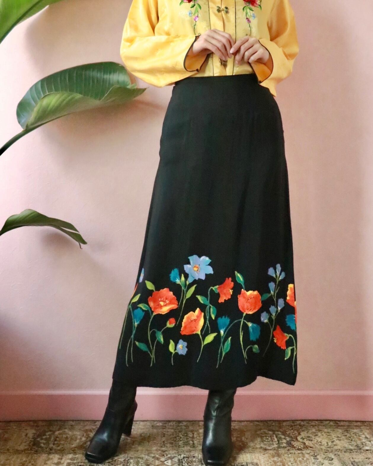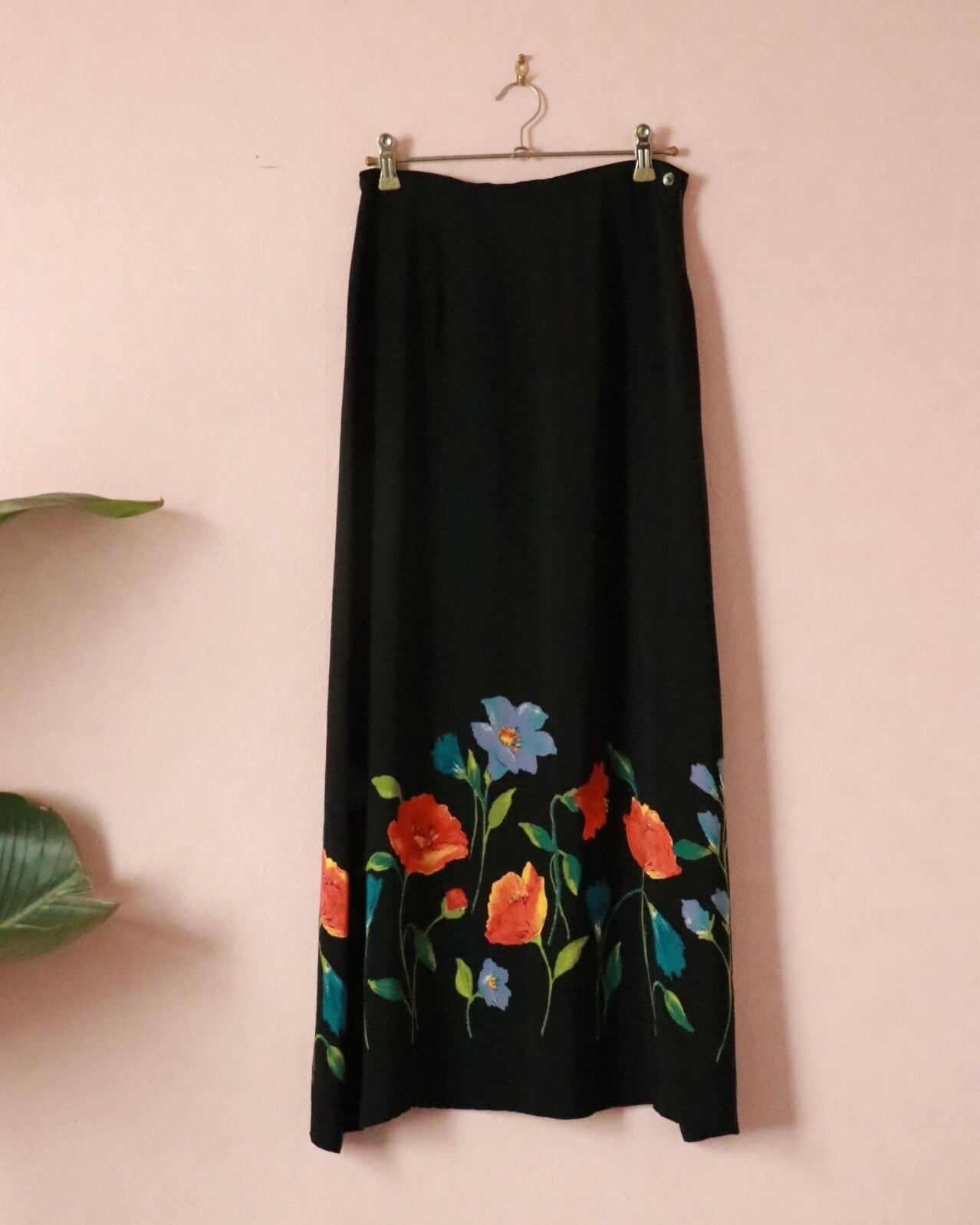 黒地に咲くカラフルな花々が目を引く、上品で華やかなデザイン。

+++

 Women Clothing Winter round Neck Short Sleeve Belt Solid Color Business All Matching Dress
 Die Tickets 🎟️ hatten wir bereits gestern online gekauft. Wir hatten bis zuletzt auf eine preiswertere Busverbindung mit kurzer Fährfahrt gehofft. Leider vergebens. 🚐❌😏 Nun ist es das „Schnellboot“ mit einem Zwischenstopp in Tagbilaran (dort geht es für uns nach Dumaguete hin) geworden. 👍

+++

PROMPT
Extract from the listing above the lines between the line containing "Women Clothing Winter" and the line containing "Die Tickets 🎟️", keeping both of those lines. Output nothing else.

RESULT OF THIS TASK
 Women Clothing Winter round Neck Short Sleeve Belt Solid Color Business All Matching Dress
 Die Tickets 🎟️ hatten wir bereits gestern online gekauft. Wir hatten bis zuletzt auf eine preiswertere Busverbindung mit kurzer Fährfahrt gehofft. Leider vergebens. 🚐❌😏 Nun ist es das „Schnellboot“ mit einem Zwischenstopp in Tagbilaran (dort geht es für uns nach Dumaguete hin) geworden. 👍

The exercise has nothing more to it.